TASK MATERIAL START
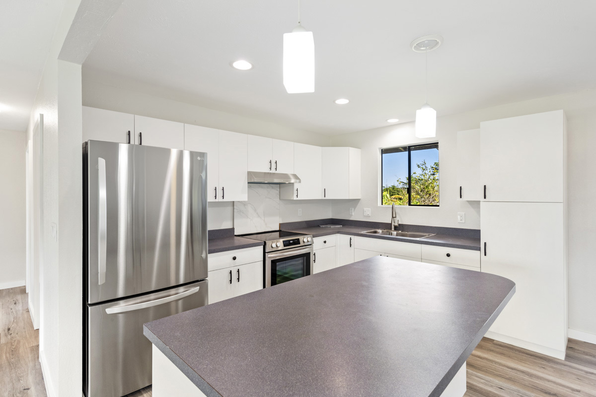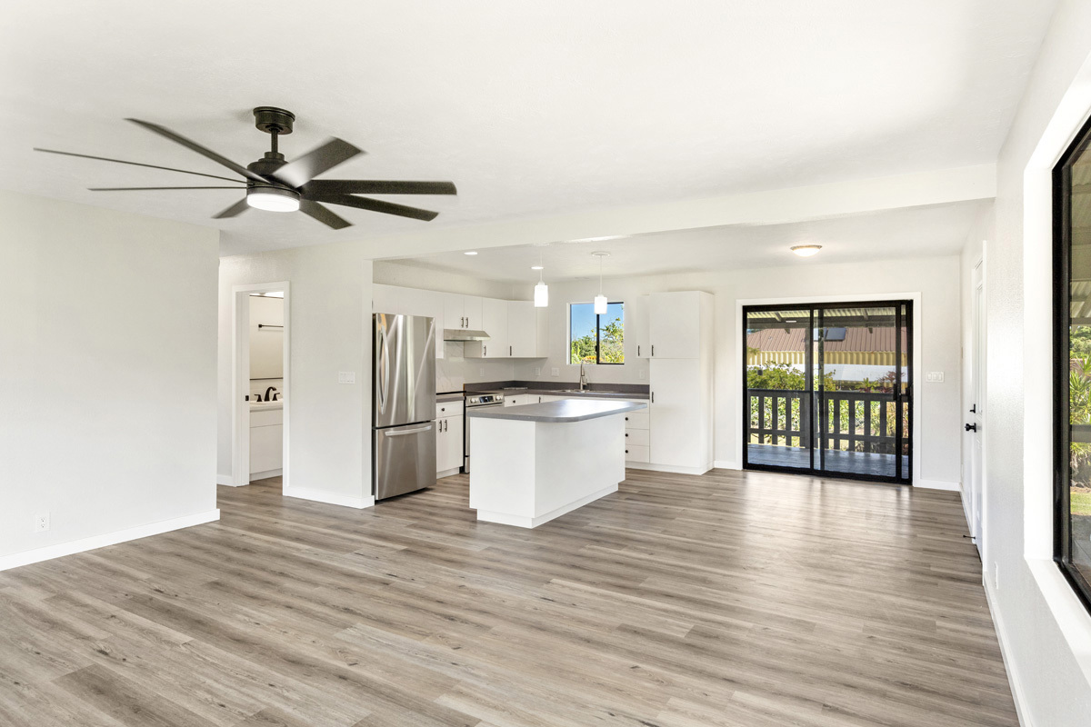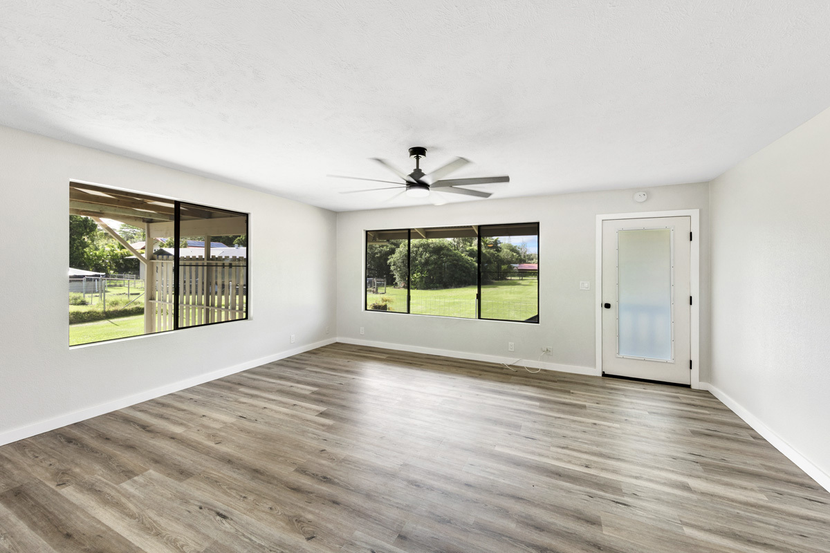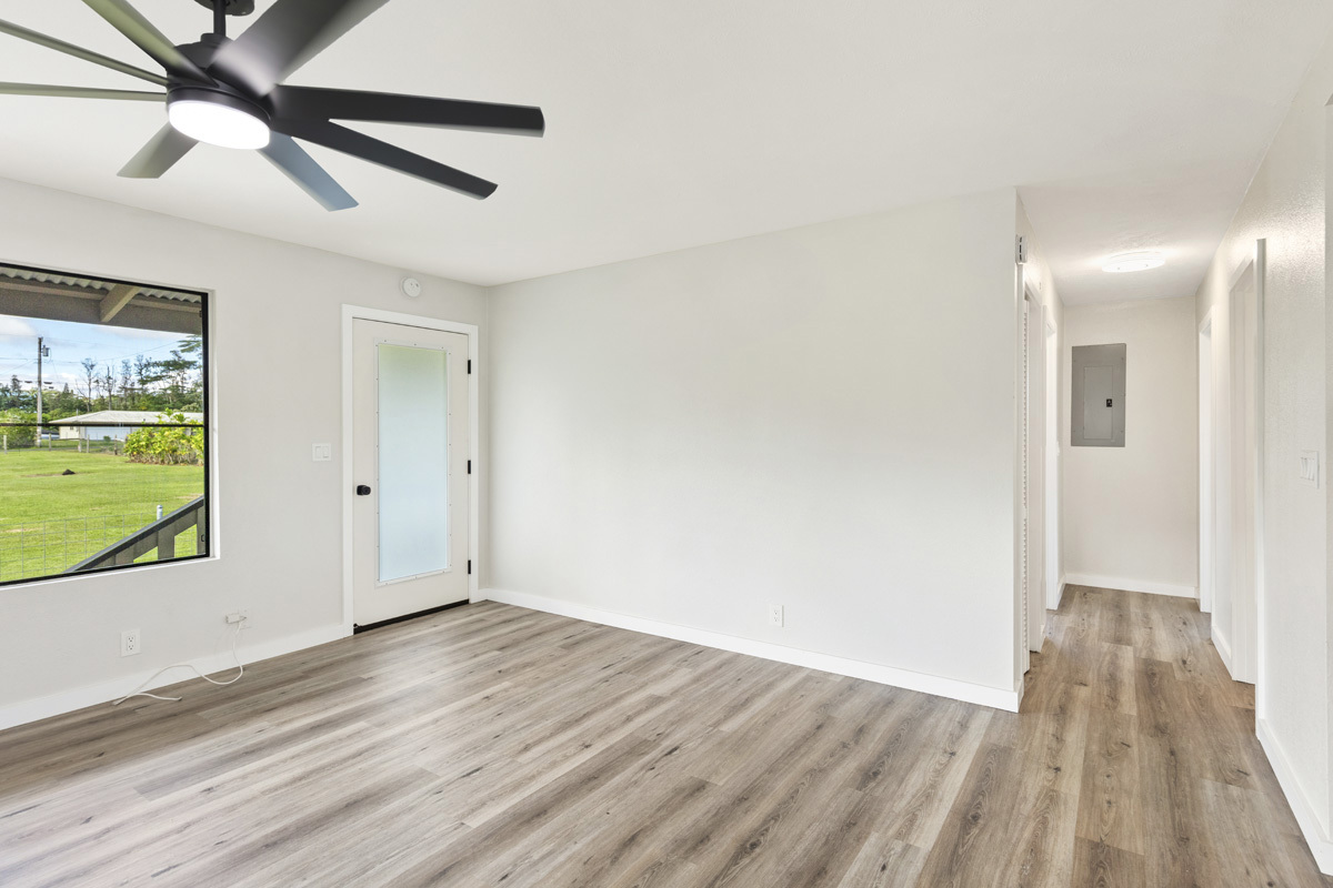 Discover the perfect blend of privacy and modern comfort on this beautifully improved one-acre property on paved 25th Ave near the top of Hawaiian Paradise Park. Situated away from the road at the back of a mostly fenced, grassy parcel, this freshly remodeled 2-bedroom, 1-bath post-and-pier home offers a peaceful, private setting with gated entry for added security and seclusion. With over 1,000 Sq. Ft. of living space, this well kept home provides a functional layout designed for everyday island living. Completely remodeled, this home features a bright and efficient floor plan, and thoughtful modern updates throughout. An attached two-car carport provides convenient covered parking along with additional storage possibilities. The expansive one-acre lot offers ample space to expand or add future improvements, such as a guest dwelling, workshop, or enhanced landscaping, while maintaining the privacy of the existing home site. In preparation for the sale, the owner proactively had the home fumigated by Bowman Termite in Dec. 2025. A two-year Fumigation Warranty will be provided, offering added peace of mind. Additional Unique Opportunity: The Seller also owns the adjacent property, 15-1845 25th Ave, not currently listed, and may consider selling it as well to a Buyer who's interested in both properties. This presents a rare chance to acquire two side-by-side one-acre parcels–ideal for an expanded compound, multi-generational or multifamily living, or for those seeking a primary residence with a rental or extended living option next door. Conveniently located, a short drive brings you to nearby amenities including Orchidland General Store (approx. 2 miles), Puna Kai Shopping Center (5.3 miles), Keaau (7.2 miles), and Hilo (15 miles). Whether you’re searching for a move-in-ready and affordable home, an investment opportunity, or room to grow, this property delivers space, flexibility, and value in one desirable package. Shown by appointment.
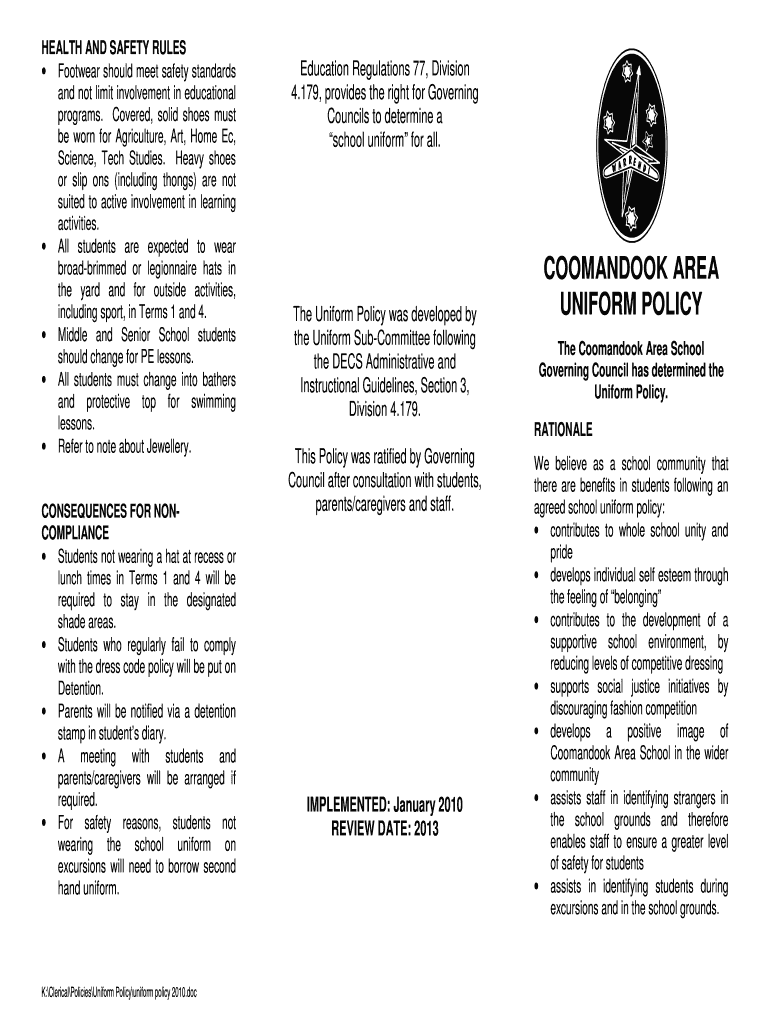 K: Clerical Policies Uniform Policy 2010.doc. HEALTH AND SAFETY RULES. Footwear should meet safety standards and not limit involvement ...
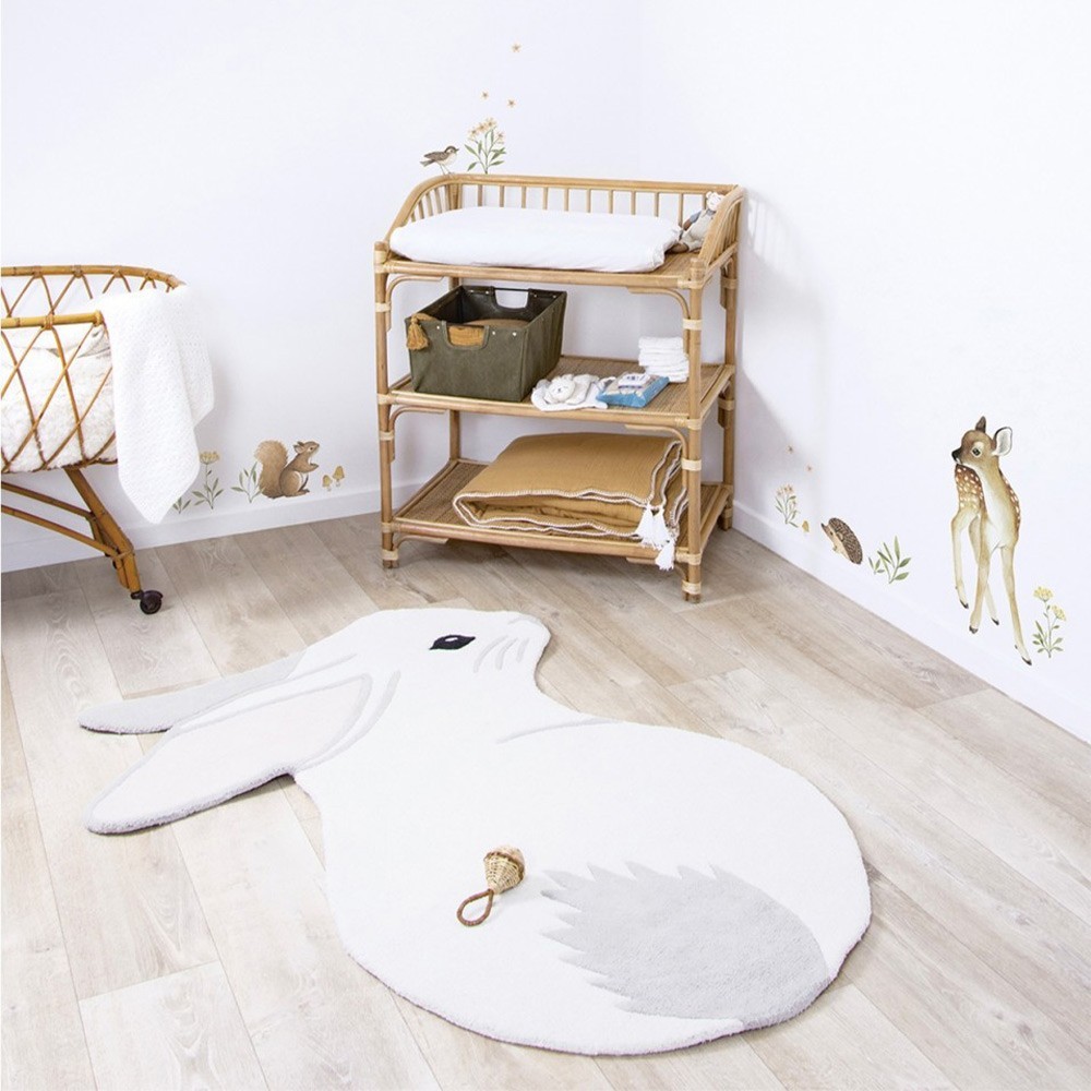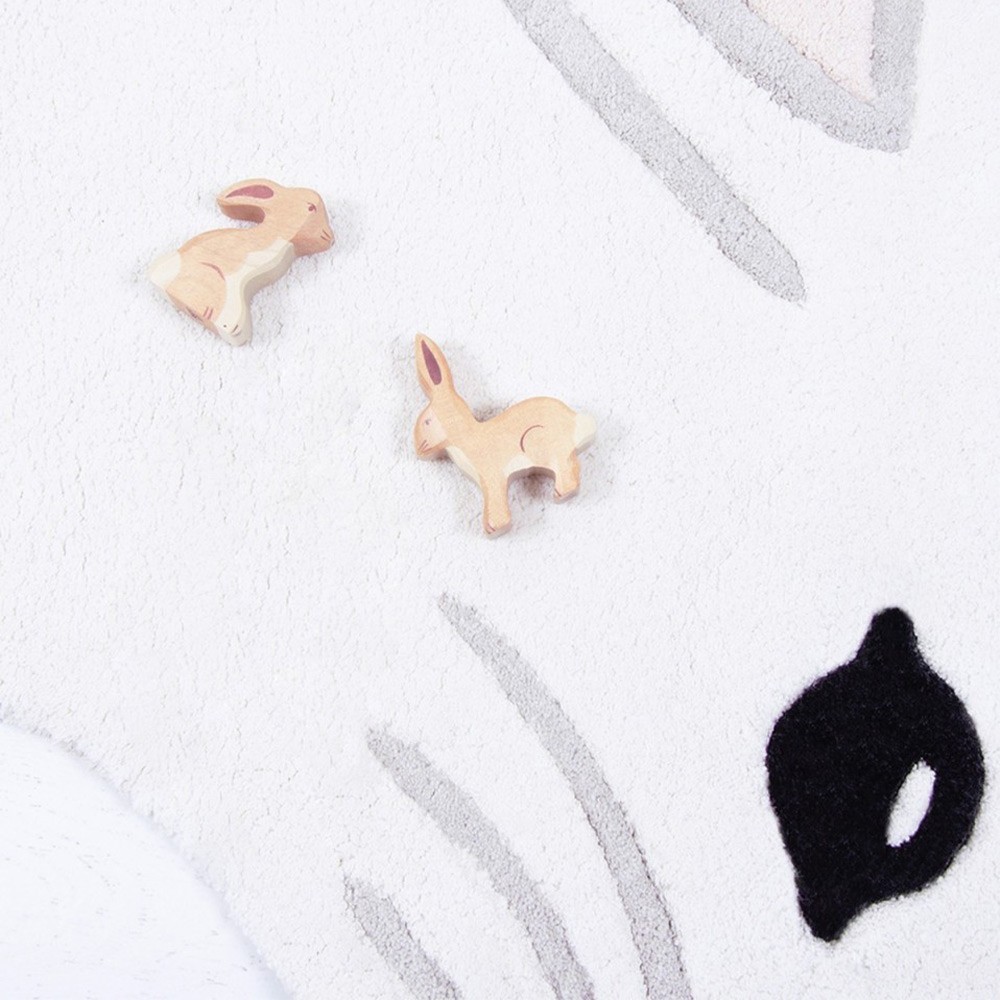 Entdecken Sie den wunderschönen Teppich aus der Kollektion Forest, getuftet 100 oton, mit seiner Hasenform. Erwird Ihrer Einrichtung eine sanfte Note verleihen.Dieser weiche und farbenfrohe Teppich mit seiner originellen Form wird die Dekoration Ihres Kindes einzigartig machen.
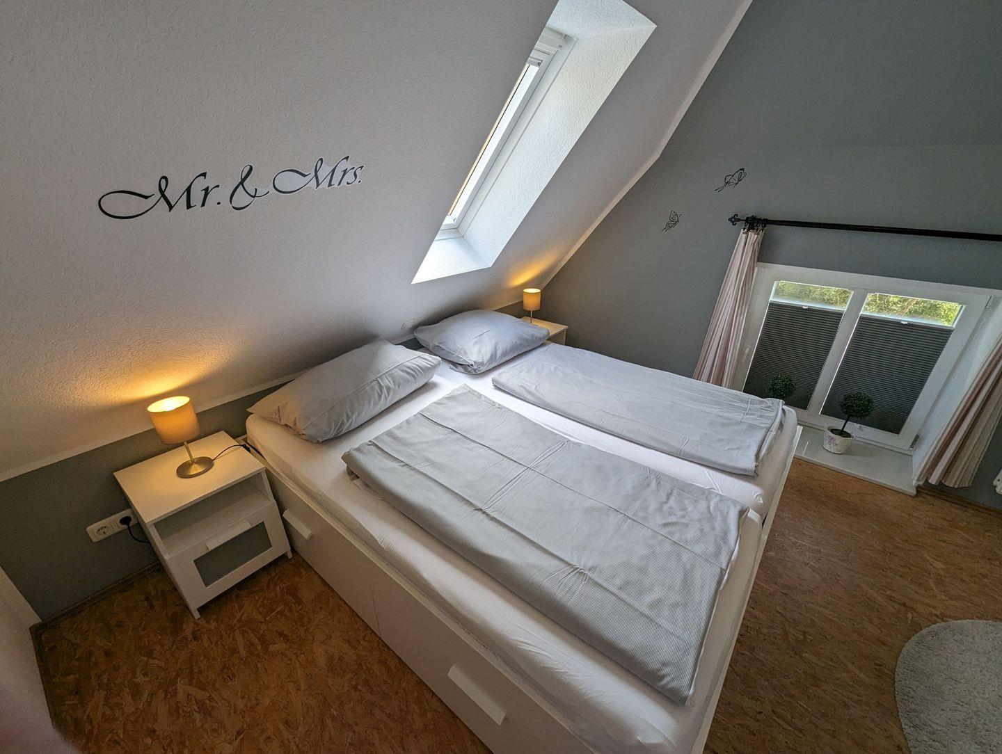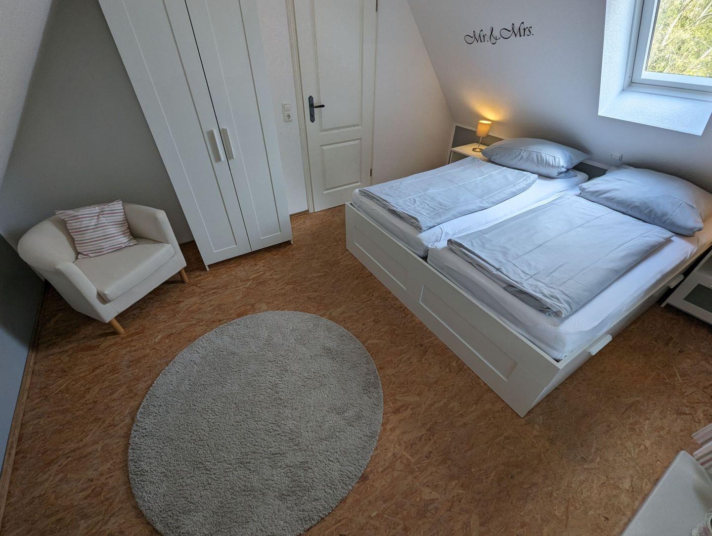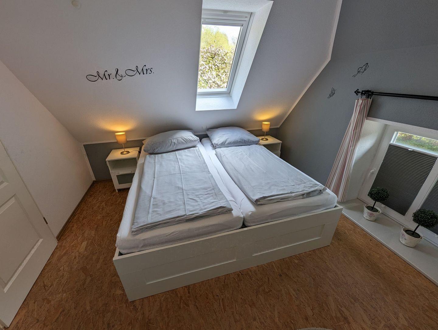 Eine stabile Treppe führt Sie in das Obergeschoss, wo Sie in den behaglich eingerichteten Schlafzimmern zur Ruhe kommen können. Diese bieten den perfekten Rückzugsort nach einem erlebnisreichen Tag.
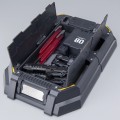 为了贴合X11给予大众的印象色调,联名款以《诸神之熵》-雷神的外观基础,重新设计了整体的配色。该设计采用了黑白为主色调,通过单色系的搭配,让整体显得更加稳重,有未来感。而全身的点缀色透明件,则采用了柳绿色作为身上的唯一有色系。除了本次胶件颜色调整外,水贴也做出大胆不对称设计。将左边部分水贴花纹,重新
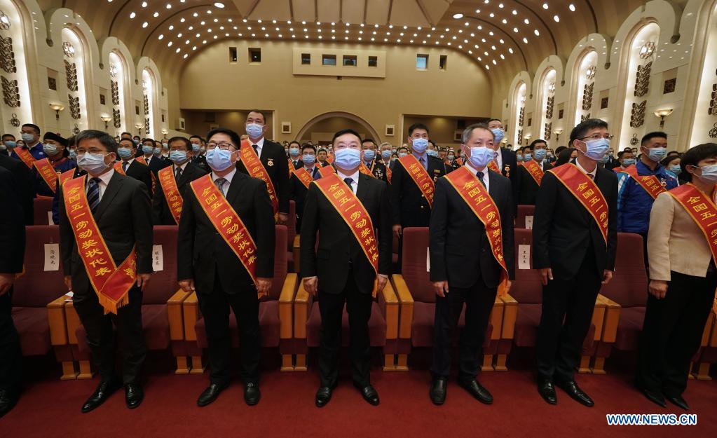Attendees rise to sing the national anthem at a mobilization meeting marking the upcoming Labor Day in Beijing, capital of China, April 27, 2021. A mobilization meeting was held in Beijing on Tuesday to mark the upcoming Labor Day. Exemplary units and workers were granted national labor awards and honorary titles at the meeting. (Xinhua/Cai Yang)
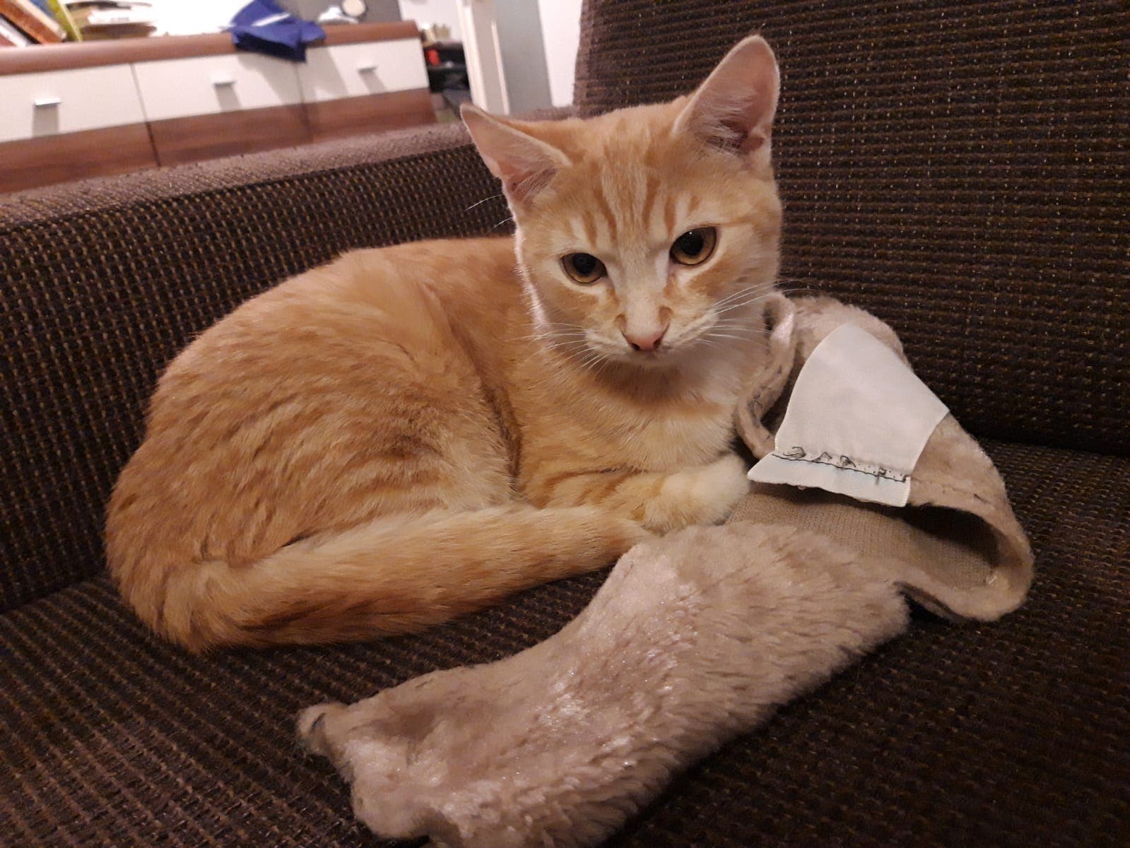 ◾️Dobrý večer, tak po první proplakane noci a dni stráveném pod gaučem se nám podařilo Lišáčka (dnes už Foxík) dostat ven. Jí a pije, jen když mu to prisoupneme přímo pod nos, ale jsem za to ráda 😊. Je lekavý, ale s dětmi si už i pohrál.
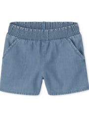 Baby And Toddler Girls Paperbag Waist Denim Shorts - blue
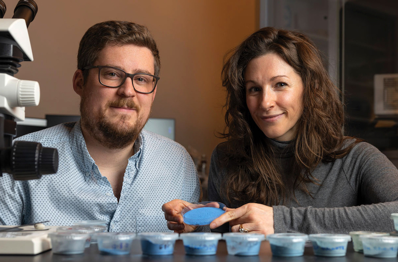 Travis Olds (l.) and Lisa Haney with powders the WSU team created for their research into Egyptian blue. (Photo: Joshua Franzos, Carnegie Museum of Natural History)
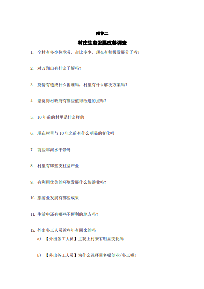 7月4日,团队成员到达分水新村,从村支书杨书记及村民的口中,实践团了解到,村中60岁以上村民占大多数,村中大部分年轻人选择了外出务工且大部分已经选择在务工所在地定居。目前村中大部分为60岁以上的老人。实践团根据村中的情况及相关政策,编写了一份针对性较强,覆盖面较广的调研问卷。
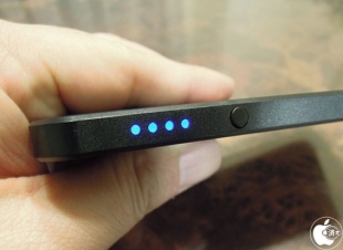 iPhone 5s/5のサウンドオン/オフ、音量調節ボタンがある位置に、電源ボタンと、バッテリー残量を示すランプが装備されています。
TASK MATERIAL END
Reproduce the lines from the line with "Baby And Toddler" through the last line of the entries exactly, including both ends and excluding pictures.

▶ [WRITTEN ANSWER]
 Baby And Toddler Girls Paperbag Waist Denim Shorts - blue
 Travis Olds (l.) and Lisa Haney with powders the WSU team created for their research into Egyptian blue. (Photo: Joshua Franzos, Carnegie Museum of Natural History)
 7月4日,团队成员到达分水新村,从村支书杨书记及村民的口中,实践团了解到,村中60岁以上村民占大多数,村中大部分年轻人选择了外出务工且大部分已经选择在务工所在地定居。目前村中大部分为60岁以上的老人。实践团根据村中的情况及相关政策,编写了一份针对性较强,覆盖面较广的调研问卷。
 iPhone 5s/5のサウンドオン/オフ、音量調節ボタンがある位置に、電源ボタンと、バッテリー残量を示すランプが装備されています。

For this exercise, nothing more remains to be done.